* Exercise goal
Copy nothing but the lines from the line with "Ambon- Suaratmurnews.com Ketua" to the end of the records, retyped exactly. Pictures stay out.

Data items
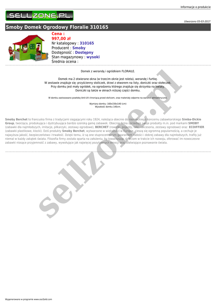 Informacje o produkcie Utworzono 03-03-2017 Smoby Domek Ogrodowy Floralie 310165 Cena : 997,00 zł Nr katalogowy : 310165 Producent : Smoby Dostępność : Dostępny Stan magazynowy : wysoki Średnia ocena : Domek z werandą i ogródkiem FLORAILE. pl Domek ma 2 otwierane okna (w trzecim oknie jest roleta), werandę i furtkę. W zestawie znajduje się: przyścienny stoliczek, drzwi z otworem na listy, doniczki oraz stołeczek. Przy domku jest mały ogródek, na ogrodzeniu którego znajduje się skrzynka na kwiaty. Doniczki są także w oknach niższej części domku. W domku zastosowano powłokę Anti-UV chroniącą przed słońcem, oraz materiały odporne na warunki atmosferyczne. e. Wymiary domku: 160x156x140 (cm) Wysokość domku 140cm. se llz on Smoby Berchet to francuska firma z tradycjami sięgającymi roku 1924, należąca obecnie do niemieckiego koncernu zabawkarskiego Simba-Dickie Group, tworząca, produkująca i dystrybuująca bardzo szeroką gamę zabawek. Obecnie firma sprzedaje swoje produkty m.in. pod markami SMOBY (zabawki dla najmłodszych, imitacje, piłkarzyki, zestawy ogrodowe), BERCHET (rowerki, pojazdy, lalki i akcesoria, zestawy ogrodowe) oraz ECOIFFIER (zabawki plastikowe, klocki). Dziś produkty Smoby Berchet, wytwarzane w większości w Europie, cieszą się ogromną popularnością, a cechuje je najwyższa jakość, bezpieczeństwo i trwałość. Dzięki temu, iż są one stuprocentowym gwarantem radości i dobrej zabawy dla najmłodszych, trafiły już niemal w każdy zakątek świata. Filozofia firmy została oparta na założeniu, by towarzysząc dzieciom w trakcie ich rozwoju, oferować im nowoczesne zabawki niosące przyjemność z zabawy, wywołujące jak najwięcej pozytywnych emocji oraz ułatwiające poznawanie świata. Wygenerowano w programie www.oscGold.com
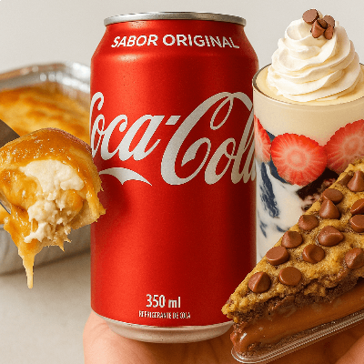 Perfeito pra aquele chamego gostoso com o mozão Combo Chamego a Dois: 2 empadões de frango com requeijão 1 fatia 1 verrine 300ml 2 latinhas de Coca-Cola Quer trocar a fatia ou a verrine? É só deixar o nome da preferida no campo "Observações". Se não avisar, a irresistível torta cookie e b01 vai junto!
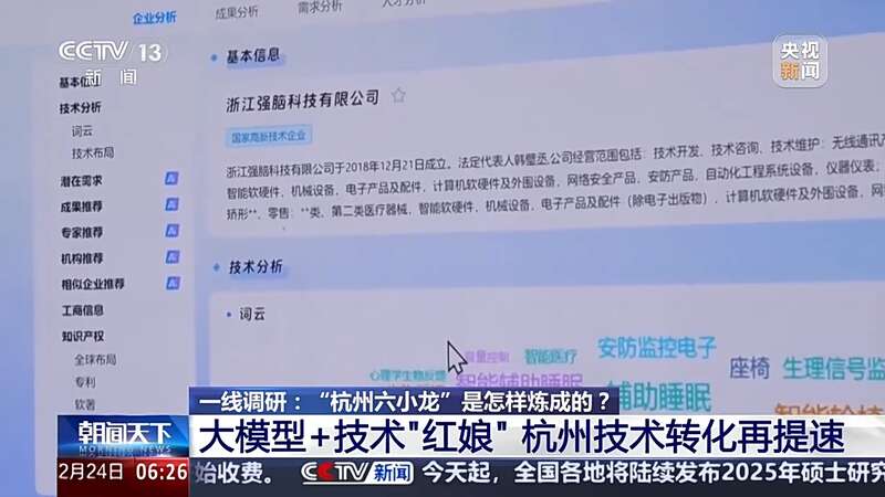 当记者来到杭州技术转移转化中心,全国首个成果转化领域的人工智能大模型刚刚完成升级迭代,记者看到,只要输入某一家企业的名称,大模型就能自动分析企业的业务方向、潜在的技术需求,并自动匹配上来自科研院所的最新技术成果。
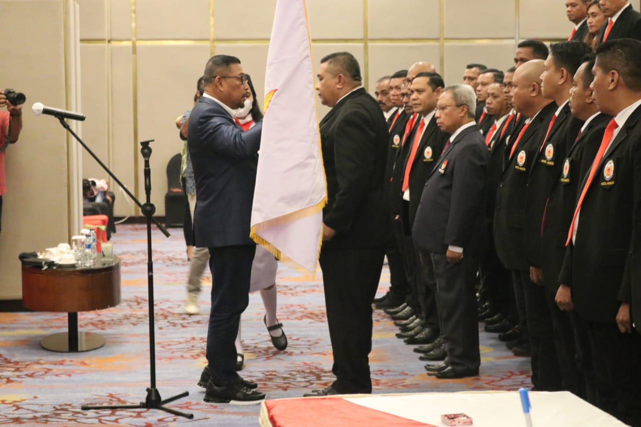 Ambon- Suaratmurnews.com Ketua Umum (Ketum) Komite Olahraga Nasional Indonesia (KONI) Provinsi Maluku Murad Ismail, melantik Agus Ririmase sebagai Ketum KONI Kota Ambon masa bakti 2022 – 2026 di Ball Room Banda Naira Swiss-Belhotel, Jumat, (15/07/2022).
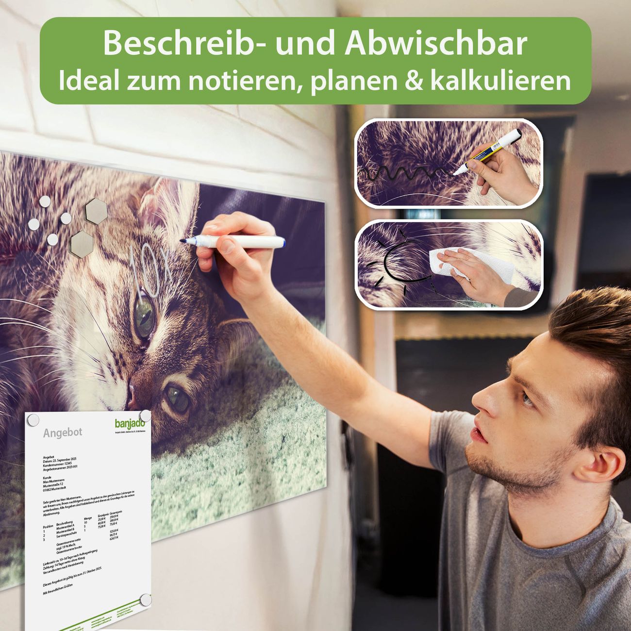 Jede Glas Magnettafel wird in unserer Werkstatt von Hand gefertigt und sorgfältig geprüft. So erhalten Sie ein echtes Qualitätsprodukt, das Funktion und Ästhetik perfekt vereint.?? Warum banjado?
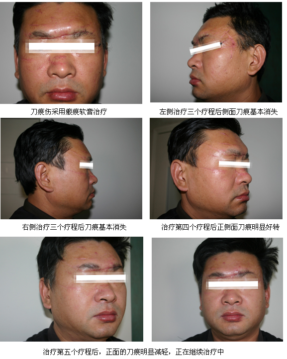 病例二:程某 ,男 ,27歲,農(nóng)民 。該患2010年2月誤被刀砍傷面部,傷口愈合后刀痕明顯,無(wú)法面對(duì)正常生活,逐產(chǎn)生輕生念頭。家人四處求醫(yī)為其治療,效果都不理想。2010年8月10日,該患接受河南大學(xué)附屬南石醫(yī)院采用原位再生醫(yī)療技術(shù)治療,治療效果滿意。如下圖。

* Response to this exercise
 Ambon- Suaratmurnews.com Ketua Umum (Ketum) Komite Olahraga Nasional Indonesia (KONI) Provinsi Maluku Murad Ismail, melantik Agus Ririmase sebagai Ketum KONI Kota Ambon masa bakti 2022 – 2026 di Ball Room Banda Naira Swiss-Belhotel, Jumat, (15/07/2022).
 Jede Glas Magnettafel wird in unserer Werkstatt von Hand gefertigt und sorgfältig geprüft. So erhalten Sie ein echtes Qualitätsprodukt, das Funktion und Ästhetik perfekt vereint.?? Warum banjado?
 病例二:程某 ,男 ,27歲,農(nóng)民 。該患2010年2月誤被刀砍傷面部,傷口愈合后刀痕明顯,無(wú)法面對(duì)正常生活,逐產(chǎn)生輕生念頭。家人四處求醫(yī)為其治療,效果都不理想。2010年8月10日,該患接受河南大學(xué)附屬南石醫(yī)院采用原位再生醫(yī)療技術(shù)治療,治療效果滿意。如下圖。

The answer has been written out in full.